Я не думаю, что мы проиграем эту войну: мы не можем себе этого позволить. Но если уж паче чаяния так случится, то причина будет лишь в том, что мы были недостаточно жестокими. Если бы мы заявили всему миру, что ежедневно в течение всей войны будем убивать по сто тысяч европейцев, и сдержали бы свое обещание, то, как ты думаешь, сколько времени длилась бы война? И не только евреев, потому что все привыкли к тому, что евреев убивают, и все, в большей или меньшей степени в душе восхищаются нашими эффективными действиями в этой области. Но в конце концов запас евреев должен истощиться, как бы тщательно мы ни копались в родословных. Нет! Мы должны истреблять европейцев: французов, поляков, русских, голландцев, англичан – всех военнопленных. Нужно печатать на хорошей бумаге списки убитых с фотографиями и разбрасывать их над Лондоном вместо бомб. Мы страдаем оттого, что наша практика еще отстает от нашей философии. Мы убиваем Моисея, но притворяемся, будто терпим Христа, и рискуем всем из-за этого бессмысленного притворства.
Когда мы преодолеем жалость, мы станем самым великим народом в истории. Мы и без того можем добиться своей цели, но разве не легче поднять якорь, чем волочить его по дну?

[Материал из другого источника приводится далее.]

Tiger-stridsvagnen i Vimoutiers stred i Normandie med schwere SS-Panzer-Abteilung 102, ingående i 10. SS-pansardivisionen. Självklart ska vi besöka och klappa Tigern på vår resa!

Я говорю тебе все это потому, что ты вернешься в армию, а я нет. За эти месяцы я имел возможность продумать все и могу теперь иметь последователей. После первой мировой войны, чтобы спасти Германию от поражения, потребовался раненый ефрейтор, а после окончания этой войны, возможно, потребуется раненый лейтенант, чтобы спасти Германию от победы. Ты можешь писать мне с фронта, а я буду лежать здесь и ждать, когда заживет мое лицо, зная, что мои труды не пропали даром. Я моложе тебя, но у меня гораздо более зрелый ум, потому что с тех пор, как мне исполнилось пятнадцать лет, я не сделал ни одного шага, который не был бы направлен на осуществление моей цели. Ты же плыл по течению, менял свои взгляды, сентиментальничал, а потому и остался неоформившимся юнцом. Современный разумный человек – это человек, который умеет быстро, одним ходом мысли, доводить вопросы до логического конца. Я научился этому, а ты еще нет, и пока не научишься, будешь оставаться ребенком среди взрослых.

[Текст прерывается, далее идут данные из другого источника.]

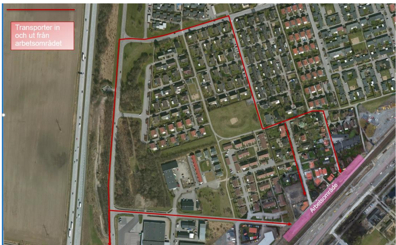
Transportvägar och arbetsområde för slitsmursarbetet.

Transporter med material kommer tas in på rödmarkerade vägar, se bilden nedan. Vakter kommer vid vissa tillfällen att stå och bevaka in- och utfart förbi Svanetorpsvägens lekplats och gångväg som sedan en längre tid är öppen för biltrafik.
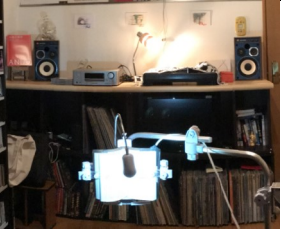
娘の部屋を改造してやっと手にしたオーディオルームの最初の頃
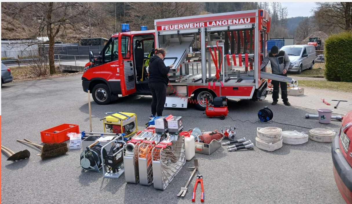
Reinigung TSF im März 2025
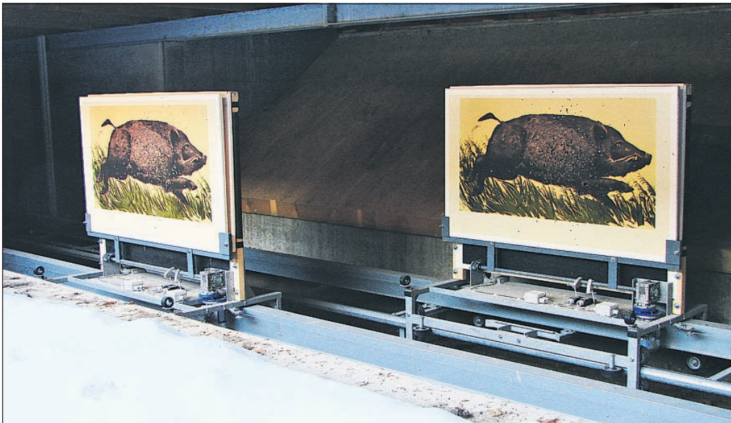
Die „Keilerscheiben“ können hintereinander, aber auch gegeneinander vor die Büchse des Schützen gebracht werden.

Убийство – это объективный акт, и смерть не различает, кто прав, кто виноват. Зная эту истину, я могу убить девятнадцатилетнего лейтенанта, два месяца назад окончившего Оксфорд, и оставить умирать на холме три дюжины немцев, потому что так требуют мои расчеты. Каждый вносит свой вклад чем может; эти тридцать семь вносят его своей жизнью, умирая так и тогда, как и когда я сочту удобным или необходимым. Я не буду оплакивать никого из них, если только рота не будет видеть моих слез, которые должны вдохновить ее на смерть в тот же вечер.
Если ты думаешь, что я восхищаюсь немецким солдатом, то ошибаешься. Он лучше других солдат, потому что выносливее и, будучи лишен воображения, лучше поддается муштровке. А его храбрость, как и храбрость любого другого солдата, – это самообман, злая шутка, ибо победа принесет ему не больше пива и не меньше пота, чем было раньше, но об этом он не знает. Армия в конечном счете – это не что иное, как произведение численности на качество командиров. Это сказал Клаузевиц, и на сей раз он был прав. От немецкого солдата никак не зависит тот факт, что имеется еще десять миллионов ему подобных и что им командуют самые одаренные люди в Европе. Первое обеспечивается приростом населения в Центральной Европе, а второе – случайностью и честолюбием тысяч людей.